Este cortiçol consegue voar quilómetros no deserto e levar água às crias nas suas penas. E cientistas descobrem o segredo



As penas das aves, regra geral, são bastante eficientes em repelir a água, uma capacidade que lhes permite quando chove, por exemplo, levantarem e serem capazes de manter o voo. As aves aquáticas são o epítome das penas hidrofóbicas, tanto que, se observarmos com atenção, a água nas penas dos patos forma pequenas esferas que rolam pelo corpo do animal.

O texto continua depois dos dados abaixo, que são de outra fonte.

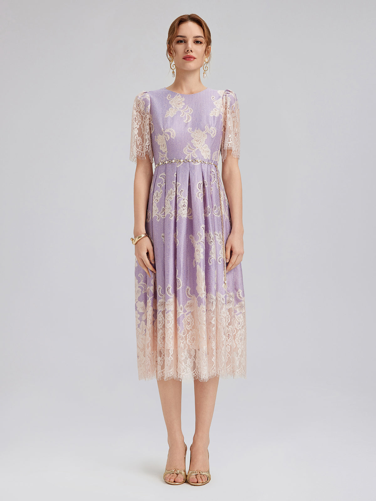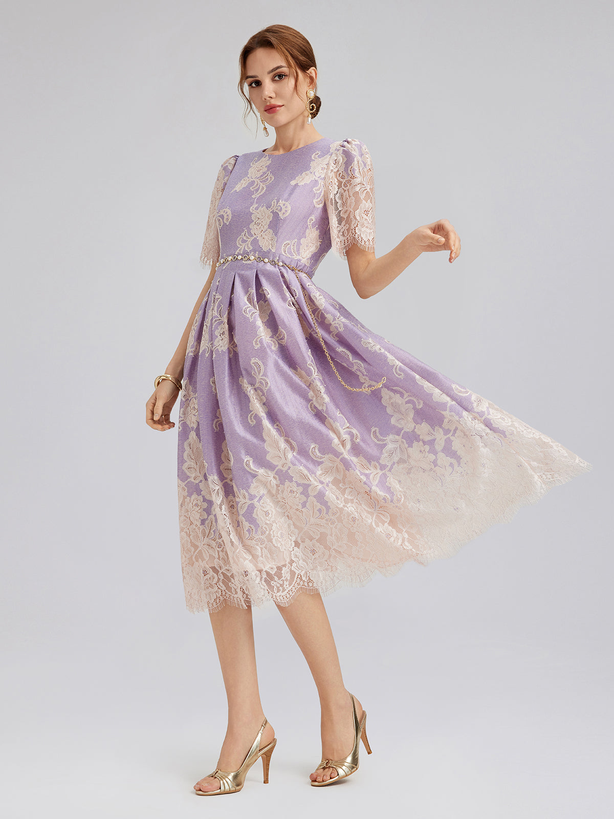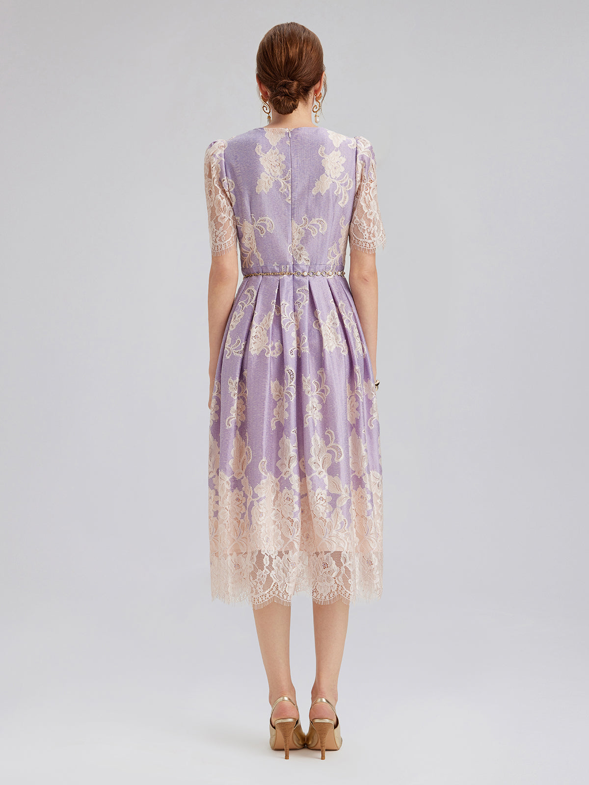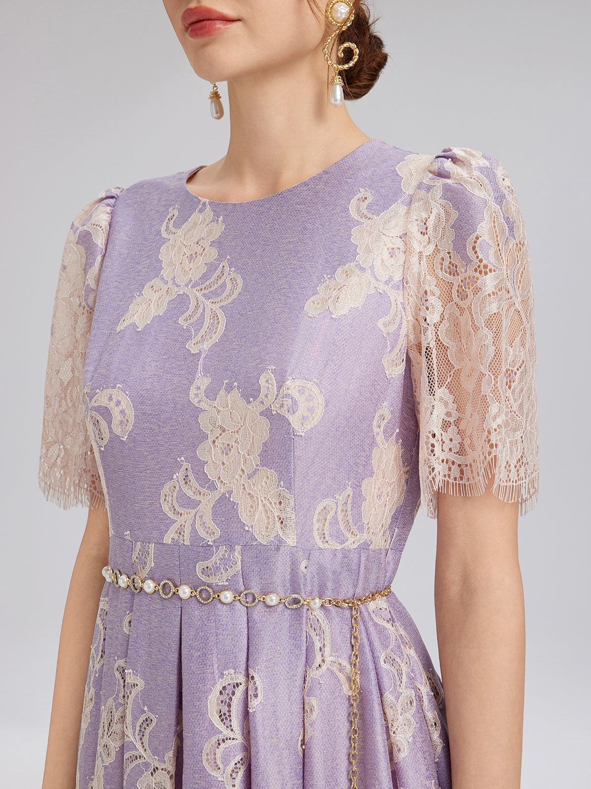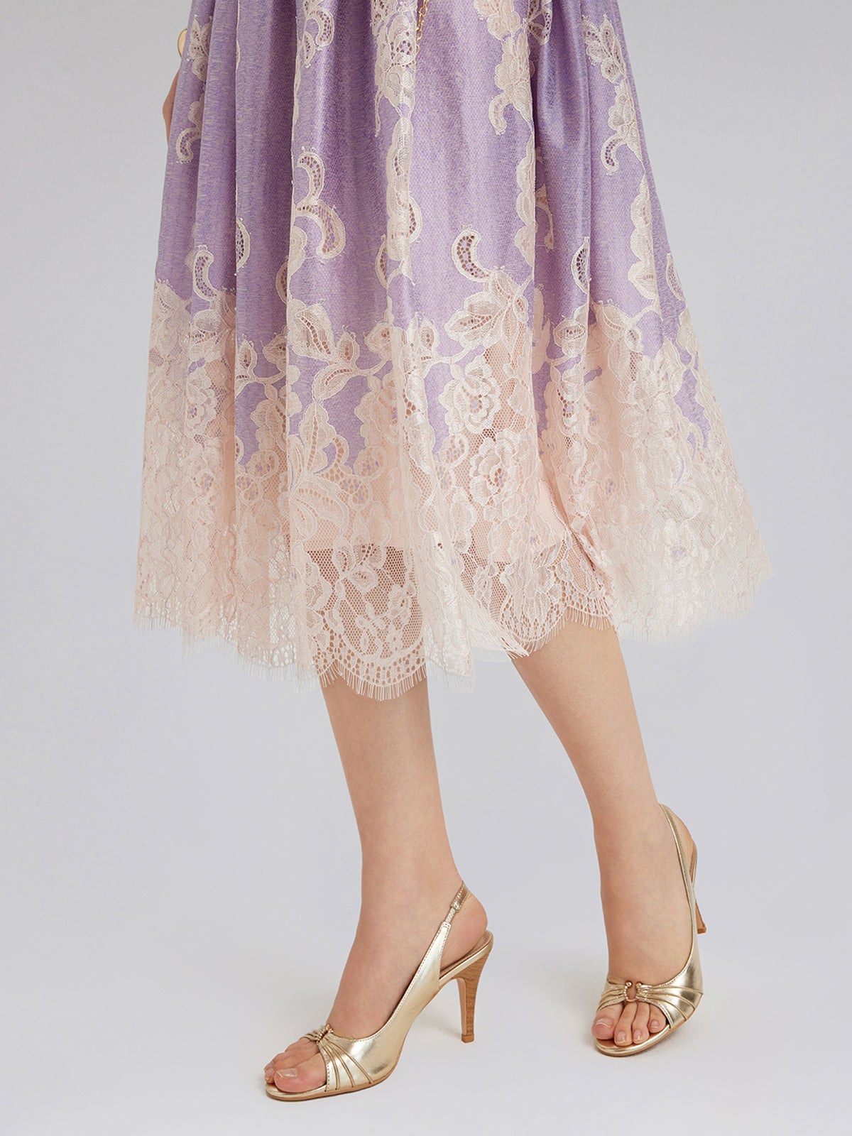 Custom lace panels soften the silhouette with intricate texture, while a delicate waist chain adds a touch of polish. The high-waisted cut elongates and flatters, paired with a back zip for easy wear. Designed for both subtle allure and feminine ease.

Contudo, nem sempre a capacidade das penas para repelir a água é algo desejável. E uma espécie em particular evoluiu penas que, realmente, atuam como pequenos ‘reservatórios’.

Trata-se de um cortiçol da espécie Pterocles namaqua, que habita regiões desérticas e onde a água escasseia, em especial na África do Sul, no Botsuana e na Namíbia. Por viver em ambientes são secos, esta pequena ave de tons acastanhados tem de ser capaz de tirar o máximo partido dos poucos corpos de água existentes no seu habitat.

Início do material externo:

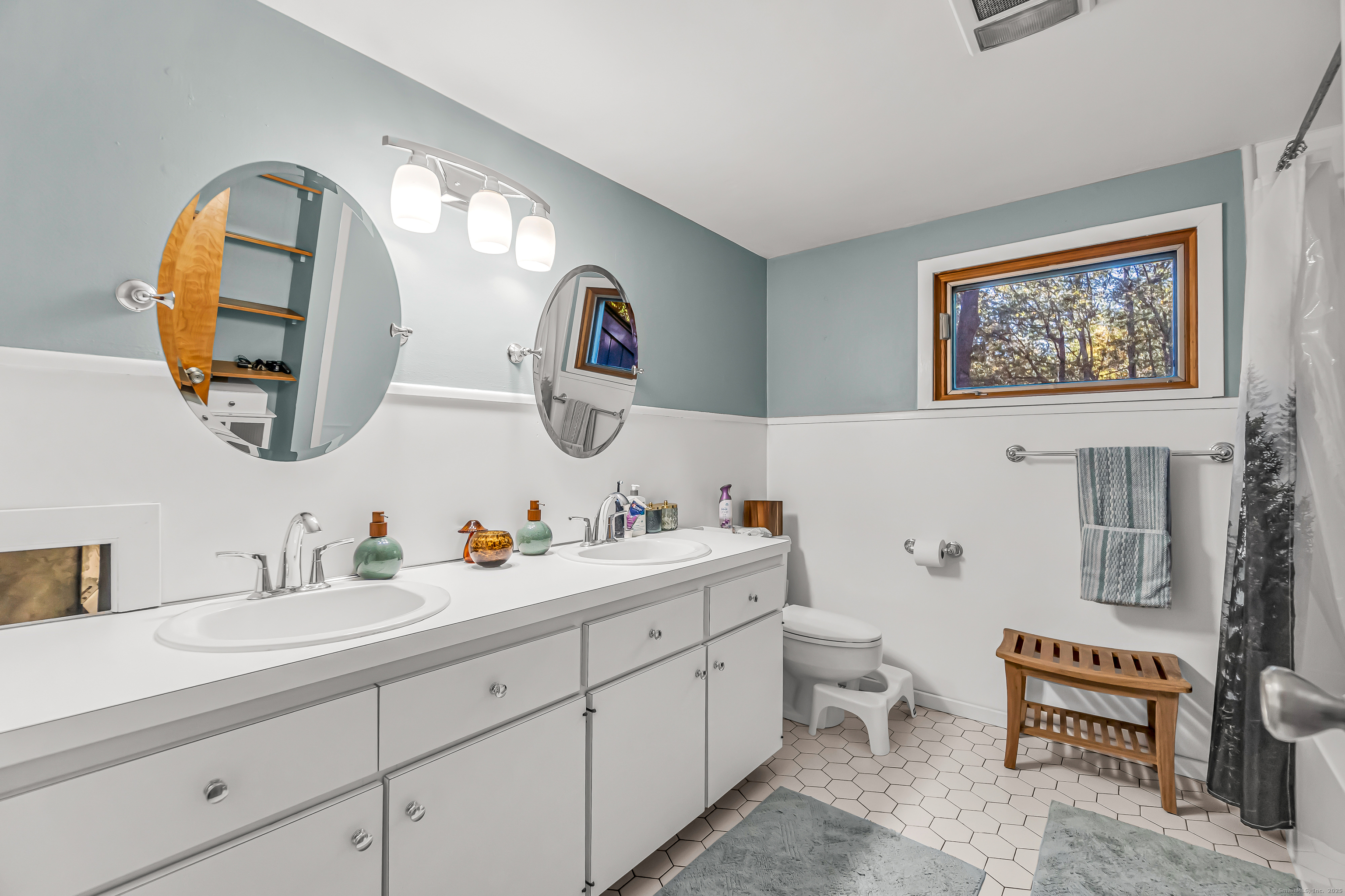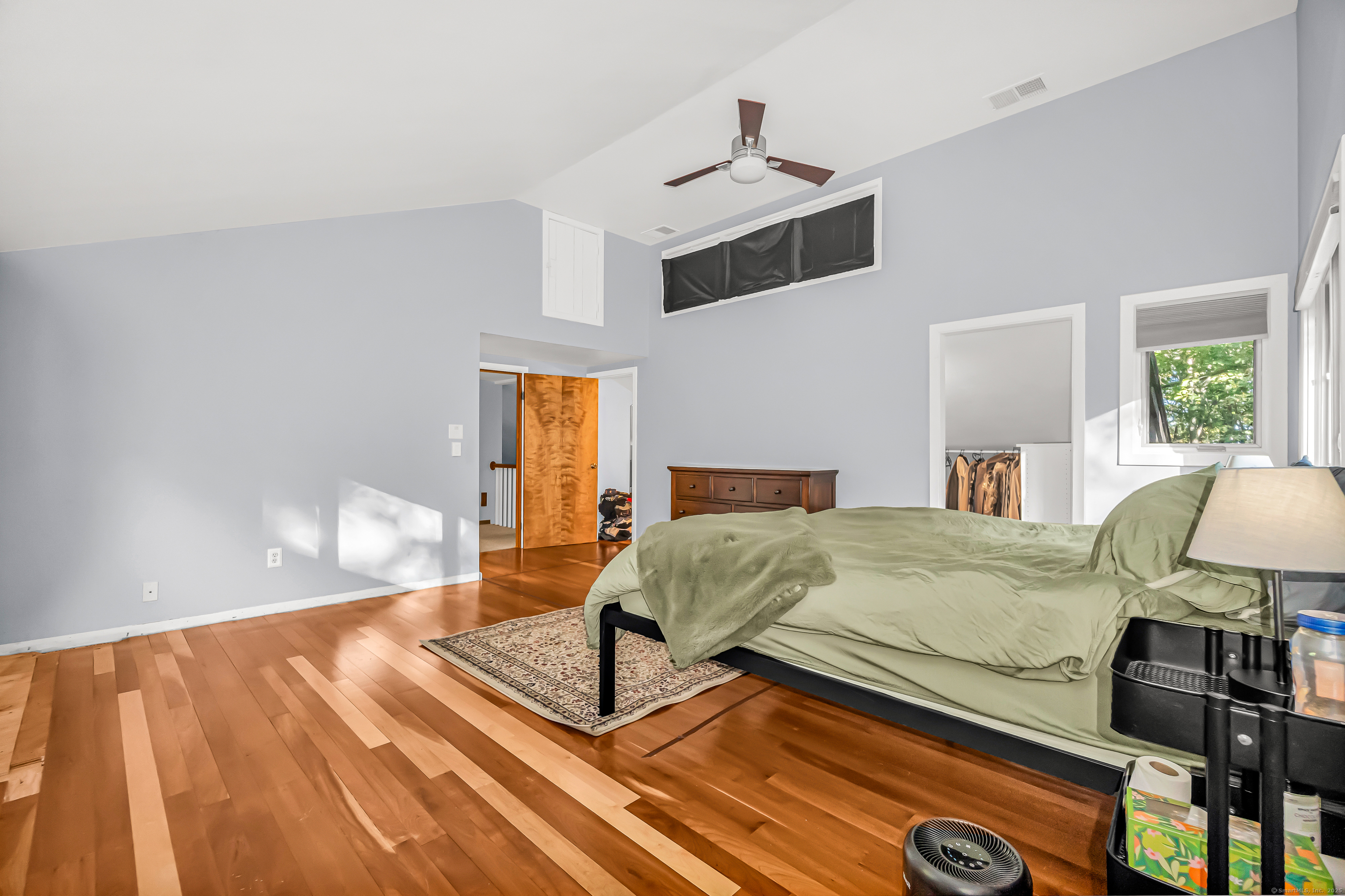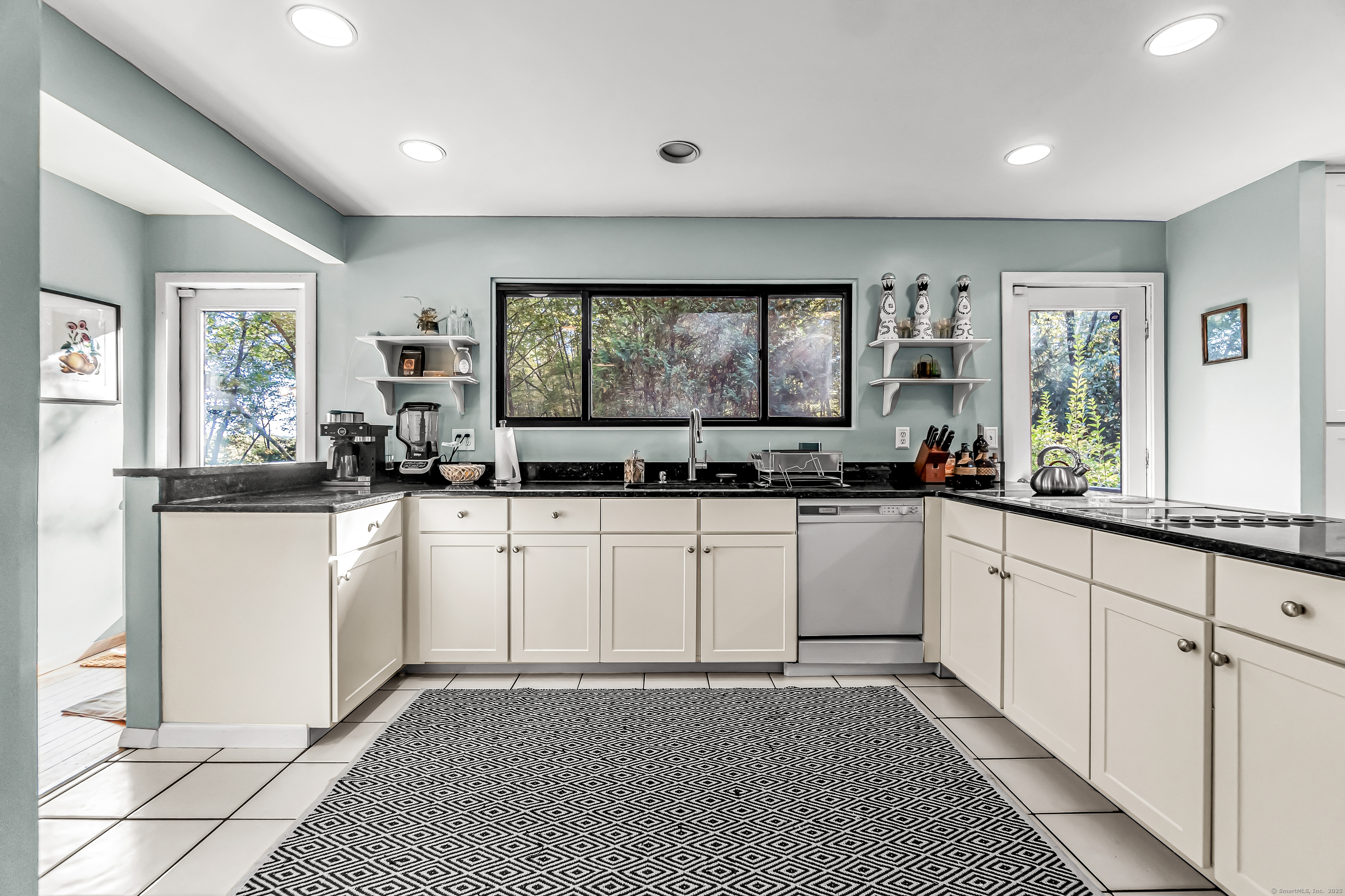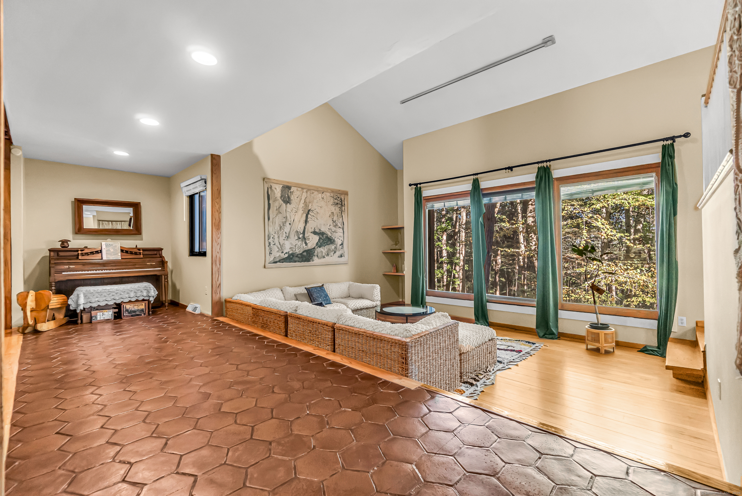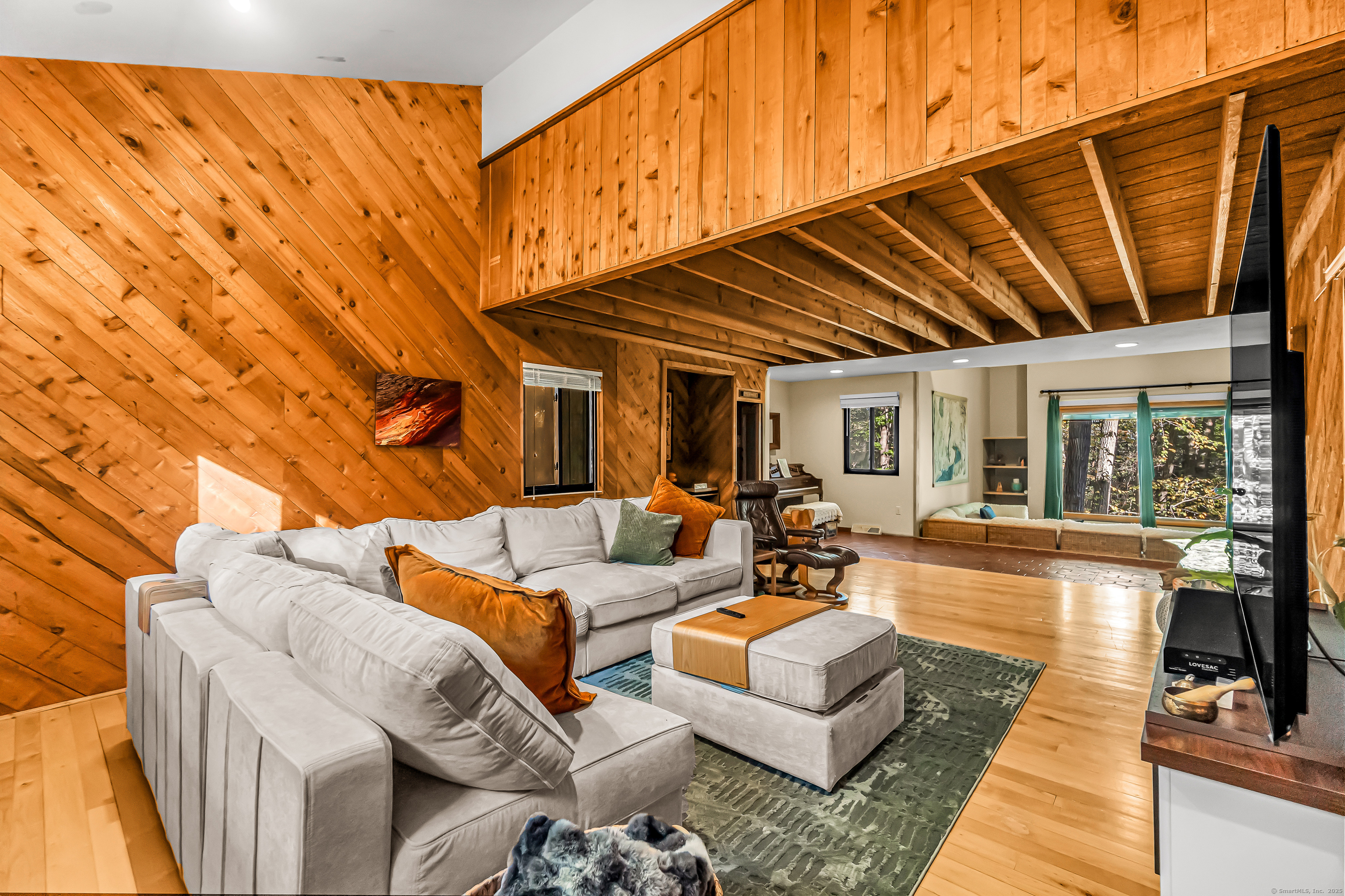 Tucked away on a peaceful cul-de-sac, this 3-bedroom, 3.5-bath Contemporary retreat blends architectural interest with warmth and function. Designed with multi-level living and dramatic sightlines, the home features a step-down living room, step-up dining area, and open staircase that brings in beautiful light and flow. Inside, you'll find vaulted ceilings, skylights, hardwood floors, and transom windows that create a bright and airy feel throughout. The spacious kitchen is ideal for the home chef - boasting granite countertops, abundant cabinetry, and high-end Jenn-Air and ASCO appliances. Upstairs, the primary suite opens to its own private deck - the perfect morning coffee spot. The finished lower level offers an additional 454 sq ft of versatile space, perfect for a recreation room, playroom, or home office. Outdoor living shines here, with multi-level decks featuring built-in seating and planters, a balcony deck off the dining room, and Pella sliders connecting indoor and outdoor spaces seamlessly. A detached two-car garage with loft/workshop provides room for hobbies, storage, or studio space. Set in a private, natural setting yet close to all local conveniences, 4 Old Gate Lane is more than a home - it's a peaceful lifestyle waiting for you.

Cortiçol da espécie Pterocles namaqua.
Foto: Chris Eason / Wiki Commons

Esta espécie está munida de umas penas muito peculiares que absorvem e retêm a água com tal eficiência que o animal é capaz de voar mais de 20 quilómetros entre um charco, por exemplo, e o seu ninho e ainda ter água suficiente nas penas para saciar a sua sede e a das suas crias no deserto.

Contudo, apesar de esta capacidade do cortiçol para transportar água nas suas penas ter sido pela primeira vez descrita em 1896 pelo ornitólogo britânico Edmund Meade-Waldo, até agora as características estruturais que tornam as penas do cortiçol P. namaqua únicas eram desconhecidas.

Mas uma dupla de cientistas da Universidade Johns Hopkins e do Massachusetts Institute of Technology (MIT), nos Estados Unidos da América, recorrendo a técnicas avançadas de microscopia desvendou, por fim, o mistério.

Através da análise de penas ventrais de um P. namaqua, emprestadas pelo Museu de Zoologia Comparativa da Universidade de Harvard, os cientistas Jochen Muller e Lorna Gibson, autores de um artigo publicado no ‘Journal of the Royal Society Interface’, perceberam que as penas dessa espécie têm uma estrutura diferente da maioria das penas de outras aves.

A maioria das penas são compostas por uma haste central, da qual ramificam barbas, e dessas ramificam-se ainda pequenas bárbulas. E é precisamente nas bárbulas que se esconde o segredo para a capacidade deste cortiçol para transportar água.

A estrutura desses filamentos microscópicos permite que, contrariamente ao que acontece noutras aves, a água recebida seja mantida por bárbulas flexíveis, através da ação capilar, ou capilaridade.

Imagens microscópica de uma pena de cortiçol Pterocles namaqua mostra o comportamento das bárbulas ao contactarem com a água. Crédito: Specimen #142928, Museum of Comparative Zoology, Harvard University © President and Fellows of Harvard College.

Esta investigação, segundo os seus autores, foi movida pela mera curiosidade em descobrir como é que o cortiçol P. namaqua era capaz de reter água nas penas de tal forma que podia voar longas distâncias no deserto e ainda assim chegar ao destino com água suficiente para matar a sede das crias.

No entanto, o que descobriram poderá ter um impacto que vai além da pura curiosidade científica. De acordo com Gibson, a estrutura das penas desta ave pode servir de inspiração para, por exemplo, a criação de dispositivos que ajudem a aumentar a disponibilidade de água em zonas áridas e desérticas, mas que durante os períodos de menos calor podem registar níveis significantes de humidade, na forma de nevoeiro.

“Um material com este tipo de estrutura poderá ser mais eficaz na colheita do nevoeiro e no armazenamento da água”, afirma a cientista.